Recorded data:
★ ★ ★ ★ ★ ★ ★

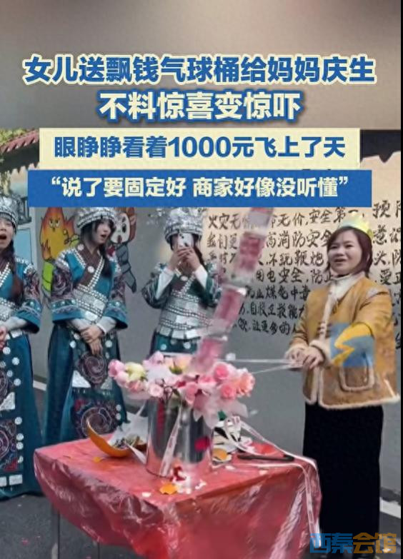 四川一女子送“飘钱气球桶”给母亲庆生,不料眼睁睁看着1000..
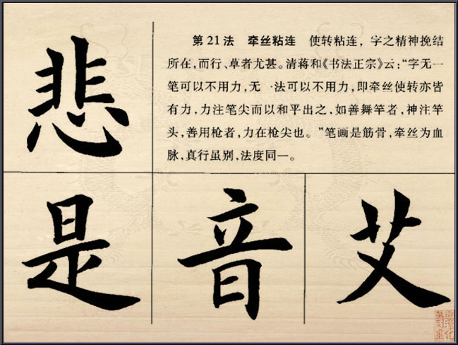 第二十一法: 牽絲粘連。使轉粘連,字之精神挽結所在,而行、草者尤甚。清蔣和《書法正宗》云:“字無一筆可以不用力,無一法可以不用力,即牽絲使轉亦皆有力,力注筆尖而以和平出之,如善舞竿者,神注竿頭,善用槍者,力在槍尖也。”筆畫是筋骨,牽絲為血脈,真行雖別,法度同一。見下圖:
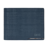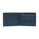 Classic bifold navy black leather wallet with four credit card slots, full-length pocket for bank notes and coin compartment. This wallet features aN embellished silver-foil DAKS logo on the exterior with decorative House Check strip.

★ ★ ★ ★ ★ ★ ★

Prompt: Return every line shown above without changing a word, and skip the pictures.

Output of the task:
 四川一女子送“飘钱气球桶”给母亲庆生,不料眼睁睁看着1000..
 第二十一法: 牽絲粘連。使轉粘連,字之精神挽結所在,而行、草者尤甚。清蔣和《書法正宗》云:“字無一筆可以不用力,無一法可以不用力,即牽絲使轉亦皆有力,力注筆尖而以和平出之,如善舞竿者,神注竿頭,善用槍者,力在槍尖也。”筆畫是筋骨,牽絲為血脈,真行雖別,法度同一。見下圖:
 Classic bifold navy black leather wallet with four credit card slots, full-length pocket for bank notes and coin compartment. This wallet features aN embellished silver-foil DAKS logo on the exterior with decorative House Check strip.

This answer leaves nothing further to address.